Con Vera no, con lei avrebbe cucinato piatti robusti e bevuto rossi corposi: i suoi capelli neri e la sensuale
carnagione olivastra si sarebbero abbinati ad una amatriciana grassa di guanciale e sugo, ad una parmigiana
di melanzane … doveva solo liberarsi degli ultimi scrupoli e chiudere la vecchia relazione senza futuro e
stava per farlo. “È stato bello finché è durato sai, non ti dimenticherò”…

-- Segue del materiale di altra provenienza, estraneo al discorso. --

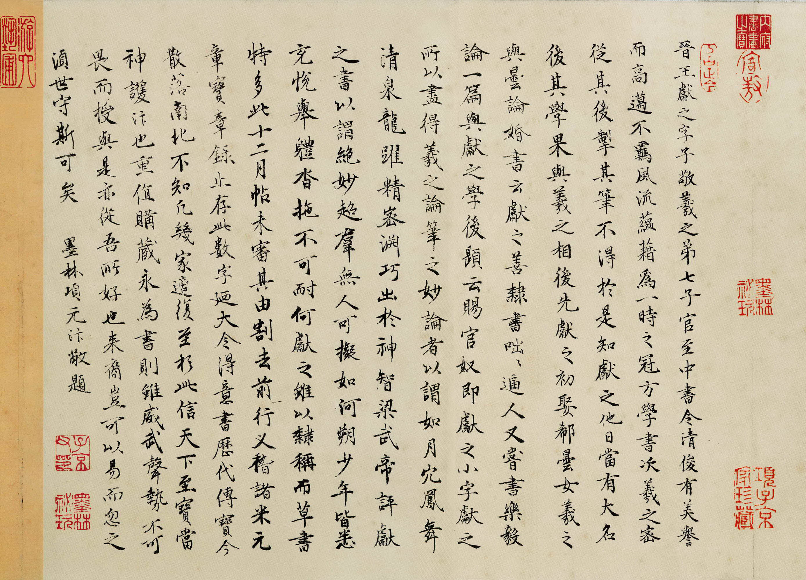 晉王獻之,字子敬,羲之第七子。官至中書令。清俊有美譽,而高邁不羈,風流蘊藉,為一時之冠。方學書次,羲之密從其後掣其筆不得,於是知獻之他日當有大名。後其學果與羲之相後先。獻之初娶郗曇女,羲之與曇論婚書雲,獻之善隸書,咄咄逼人。又嘗書《樂毅論》一篇,與獻之學,後題雲賜官奴,即獻之小字。獻之所以盡得羲之論筆之妙,論者以為如丹穴鳳舞,清泉龍躍,精密淵巧,出於神智。梁武帝評獻之書,以為絕妙超羣,無人可擬。如河朔少年,皆悉充悅,舉體沓拕,不可耐何。獻之雖以隸稱,而草書特多。此十二月帖,未審其由割去前行,又稽諸米元章《寶章錄》,止存此數字,乃大令得意書。歴代傳寶,今散落南北,不知凡幾家,□復至於此,信天下至寶當有神護。汴也重值購藏,永為書則。雖威武聲勢,不可畏而授與,是亦從吾所好也。來裔豈可以易而忽之,須世守斯可矣。

Nina era una donna puntuale, questo pregio gli consentiva di preparare tutto senza il timore di sbagliare i
tempi, avrebbe suonato alla porta a momenti. Nel buio del soggiorno risuonò invece il cellulare, la suoneria
dei messaggi. “Non credo ci sia molto da aggiungere all’altra notte. Sei un pessimo attore o forse sei già così
lontano da me ormai da non riuscire neanche più a giocare col sesso. Stacchiamo la spina a questa storia
agonizzante e risparmiamoci l’epilogo. N.” Fabio lesse e sorrise: non fu particolarmente sorpreso dalla
trovata di Nina, ne aveva amato la grande ma un po’ fredda razionalità, non gli dispiacque nemmeno di
averle lasciato l’ultima scena, l’importante era che comunque tutto finisse lì senza strascichi. Tutto
sommato avrebbe evitato qualche battuta pungente di Nina, ne era capace, anche se non avrebbe mai
fatto scenate. Con Vera sarebbe stato diverso: umorale e lunatica lo intrigava con la sua femminile
incoerenza.
Versò un po’ d’acqua bollente nel lavello. Dimezzò gli spaghetti da cuocere. Tappò la Vernaccia e la rimise
in frigo. Ripassò le dita sulle bottiglie in fresco e scelse un novello per la sua cena.